US agencies exhibit poor IT oversight, auditors find

Twenty-one of 22 US federal agencies studied breached official guidance by failing to identify $4.5bn (€3.6bn) worth of information technology contracts – almost a quarter of their total IT obligations – in fiscal year 2016, the US government’s Government Accountability Office (GAO) has found.
In conducting audits of their procurement deals required to ensure that agency CIOs look over IT-related spending, the agencies identified over 78,000 contracts as IT-related – but they failed to correctly identify over 31,000 additional IT contracts, the agency discovered.
Poor oversight was responsible for much of the failed identification, report author and GAO director of IT management issues David Powner told Global Government Forum.
“Look at all the billions of dollars we’re spending on IT contracts. Are we really having the right people approve them? The short answer’s no,” Powner said.
Buying blind
Only eight of the 22 departments reviewed had their acquisitions offices identify IT contracts for CIO review, contravening Office of Management and Budget guidance on 2014’s Federal Information Technology Acquisition Reform Act (FITARA), the report found.
As a result, GAO found, only 11 of 96 randomly selected IT contracts had been approved by their agencies’ CIOs. Including possible future extensions of these contracts, this means that a potential value of up to $23.8bn went unreviewed in that sample alone.
Powner said that when IT contracts are not approved by the right people, it raises the risk that agencies will spend taxpayer money on duplicative projects. What’s more, he said, “you need to have the appropriate contractor oversight and make sure that contractors are delivering on what we’re paying for.”
Patchy picture
IT oversight varied considerably among agencies, the agency discovered.

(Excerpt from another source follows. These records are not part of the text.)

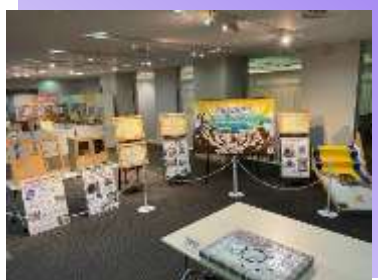
* 優秀技能者等 作品展示コーナー *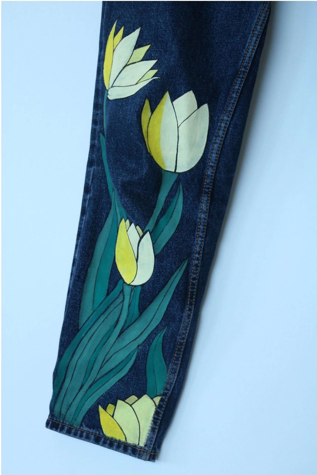
Slika 48 – outfit no.10, donji dio detalj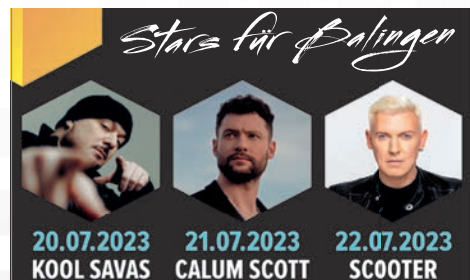
20.07.2023 Kool Savas 21.07.2023 Calum Scott 22.07.2023 Scooter

Kool Savas, Calum Scott, Scooter, 20.07. – 23.07., Marktplatz Open Air Balingen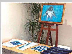
日本空調システム(株)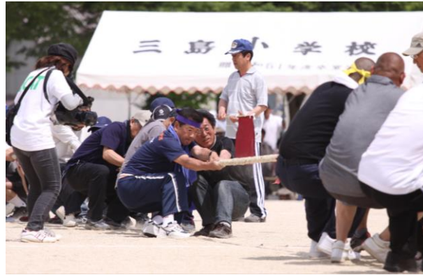
部落の威信をかけての力比べ、さすがに四試合はきつい…試合後は腕がパンパンです。

町補助金 127,000 円 自治会一般会計 55,223 円 諸収入 2 円 で運営いたしました。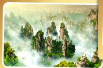
เวาอวดาร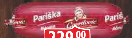
PARISKA KOBASICA 350G GAVRILVIĆ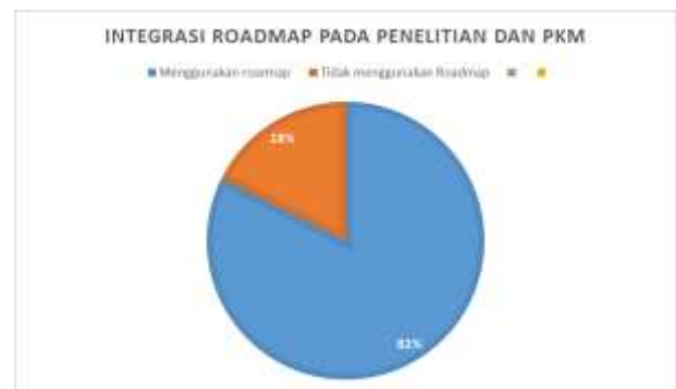
Diagram 2. Pemahaman roadmap

Topik dalam penelitian merupakan sebuah hal yang sangat penting. Terlebih penelitian tersebut berangkat dari seorang peneliti atau dosen dalam sebuah institusi. Dalam proses pelaksanaannya, pribadi dosen tersebut tentu memiliki kepakaran serta minat dalam sebuah penelitian yang akan dikerjakan. Lain pihak sebuah institusi yang menaungi peneliti tersebut juga memiliki tujuan tersendiri yang ingin dicapai. Dalam proses ini akhirnya akan dicapai sebuah jalan keluar yang diharapkan dapat menguntungkan kedua belah pihak. Salah satu bukti nyata dari usaha pemersatu tersebut ialah apa yang disebut roadmap atau peta jalan, dari penelitian maupun pengabdian kepada masyarakat. Roadmap penelitian dan PKM program studi merupakan sebuah hal yang akan menguntungkan peneliti atau dosen juga dengan institusi yang menaungi, terlebih dapat menunjukkan dengan jelas arah topik dari penelitian dan pkm.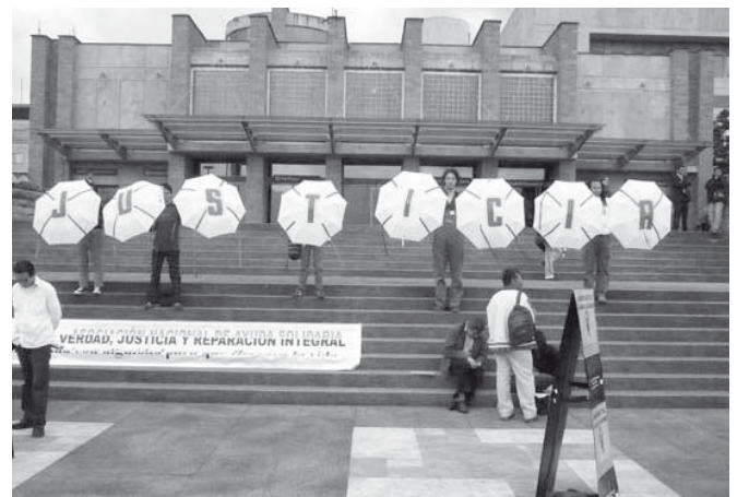
Solidaritätskundgebung von Movice im Dezember 2008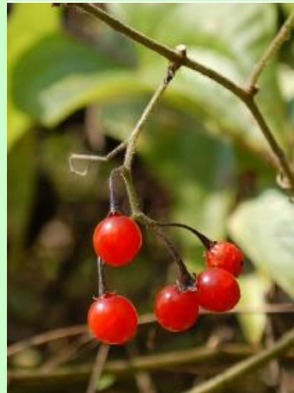
ヒヨドリジョウゴ

The Department of State identified 99% of its IT contract obligations, the GAO found. But eight other agencies identified less than 60%.
In 2015, the GAO added management of IT procurement and operations to its list of high-risk areas for federal government.
The House Committee on Oversight and Government Reform’s most recent FITARA scorecard, informed by GAO data, found that most agencies scored between a C- and C+ overall. But things are getting better: the majority of agencies scored an A for their incremental improvements to CIO authority.
I think the total IT budget is closer to 80 Billion. Source: CIO-Council-State-of-Federal-IT-Report-January-2017. That would be close 6/100 (6%) under reporting dollars rather than 1/4 (25%) as stated.
The number of reported contracts is under reported 31,000/109,000 = 28% under reporting.